Indonesia May Need to Follow Fed Hikes, Basri Says
(Bloomberg) -- Indonesia’s central bank will need to tighten monetary policy to protect the currency if the U.S. raises interest rates more than three times this year, former Finance Minister Chatib Basri said.
Bank Indonesia, which has so far resisted raising rates, has been vigorously intervening to protect the rupiah which fell to a two-year low last month. Policy makers are bracing for further volatility amid forecasts for more rate hikes in the U.S. this year.
"If the Fed raises rates four times this year, I think it’s most likely that Bank Indonesia should raise the interest rate by 25 basis points at least by the end of the year," Basri said Monday in an interview with Bloomberg TV’s Haslinda Amin. "Every Asian country now, like it or not, should follow the direction in the U.S. otherwise they cannot maintain the parity and the stability for the exchange rate."
The rupiah has fallen more than 2.6 percent against the dollar since the end of January, and foreign reserves slid almost $4 billion in February. The central bank last month left its benchmark interest rate unchanged for a sixth month in a row at 4.25 percent.
Still, Basri said that the current rupiah weakness is not a risk for the economy at this point.

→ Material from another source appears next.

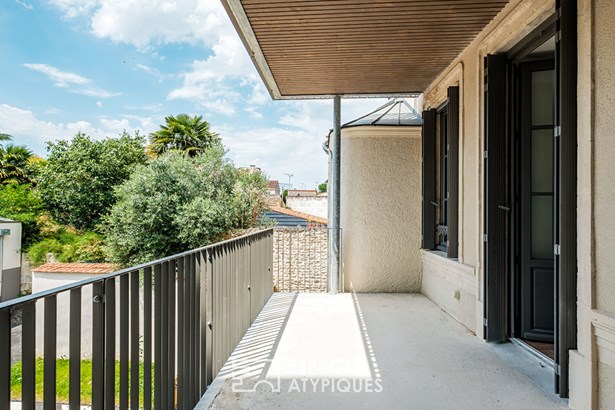 This apartment benefits from a unique outdoor space with a spacious, protected and architectural terrace and private garden, then a double vaulted stone cellar. Upstairs, the master suite has the privilege of a 13 m2 balcony, a boudoir nestled in the old turret, a dressing area and a bathroom.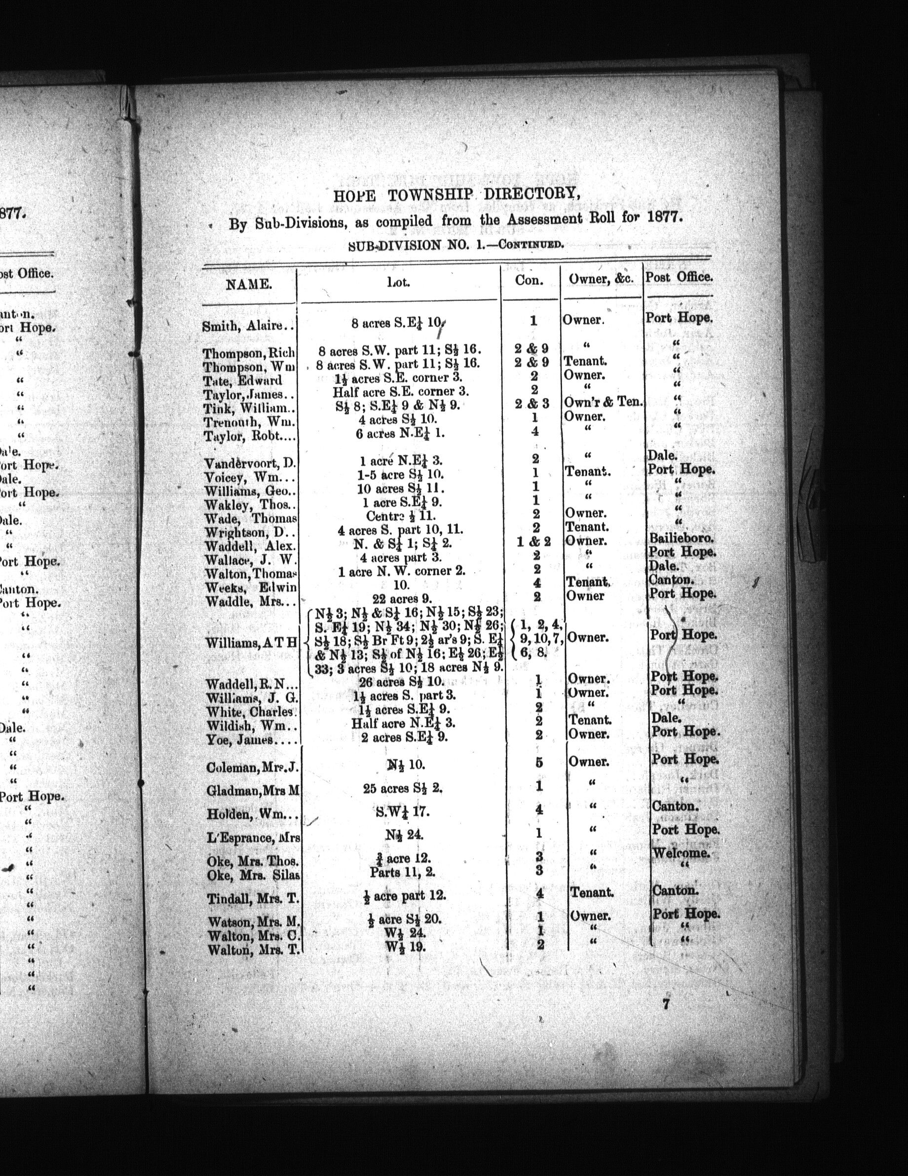 Directory of the township of Hope by sub-divisions, as compiled from the Assessment Roll for year ... : Directory of the township of Hope by sub-divisions, as compiled from the Assessment Roll for year 1877 : 1877

He said a level of 13,800 rupiah per dollar is "not a big issue for Indonesia" so long as the central bank can restrain the volatility.
Basri, who was a minister in 2013 to 2014, said the brewing trade war between the U.S. and China would have negative consequences for Southeast Asian economies.
"The impact may come in the financial sector through bonds, through stocks but most importantly, it will have an impact on future China growth which later on will be translated into Southeast Asia countries including Indonesia," Basri said.
"If China slows down because of this trade war, it will have an impact on our exports and later on will be translated into a slowdown of our gross domestic product growth,” he said.